■ Assignment ■
Word for word, copy the entire listing below, but do not carry over any pictures.

■ Source data ■
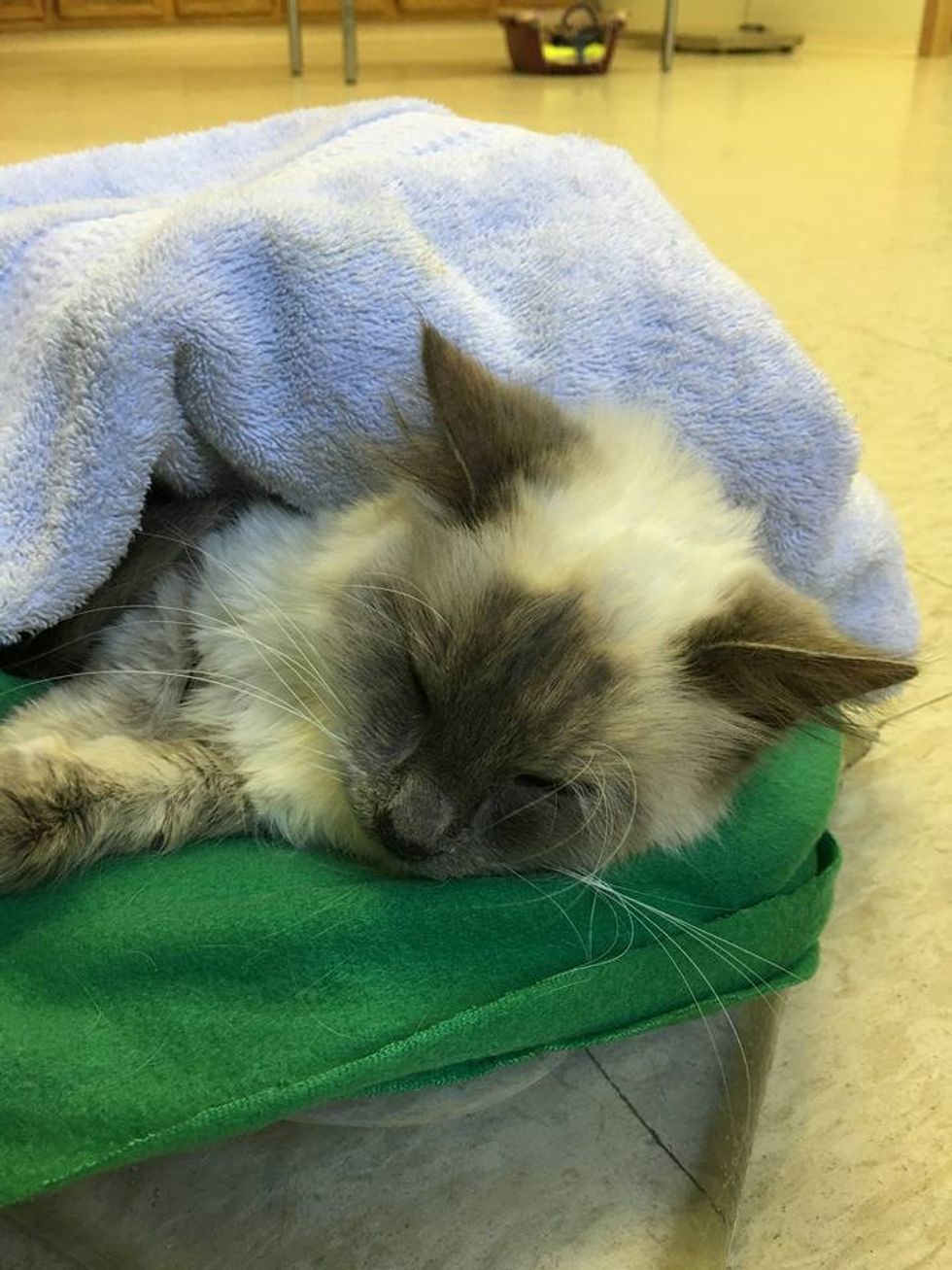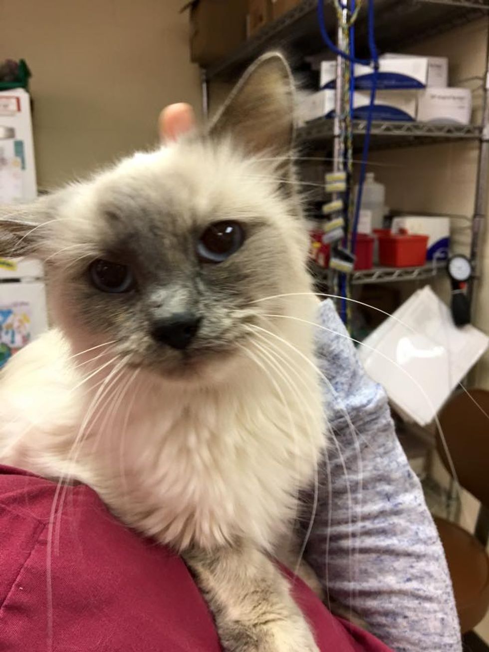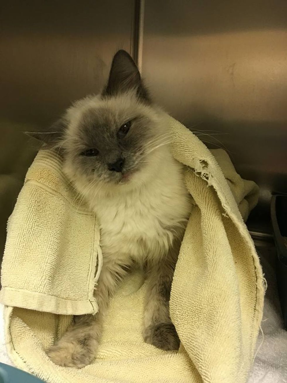 Sasha the cat was picked up by a humane officer and brought to the shelter.
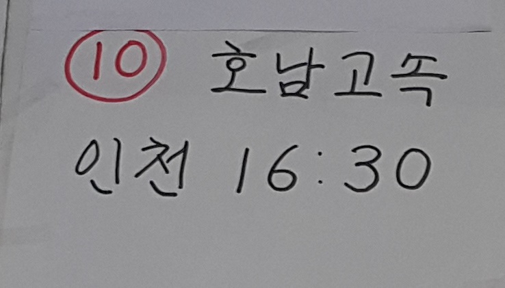 정읍 출발 인천 방면
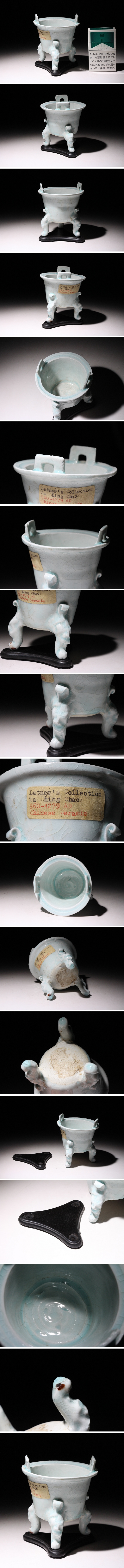 | ◇商品名◇ | 実業家コレクト放出 1137 宋時代 影青三足香炉 双耳 台座付 幅約8.5cm (検)影青釉 青白磁 香道具 香爐 唐物 中国美術 古玩 | ||

■ Exercise solution ■
 Sasha the cat was picked up by a humane officer and brought to the shelter.
 정읍 출발 인천 방면
 | ◇商品名◇ | 実業家コレクト放出 1137 宋時代 影青三足香炉 双耳 台座付 幅約8.5cm (検)影青釉 青白磁 香道具 香爐 唐物 中国美術 古玩 | ||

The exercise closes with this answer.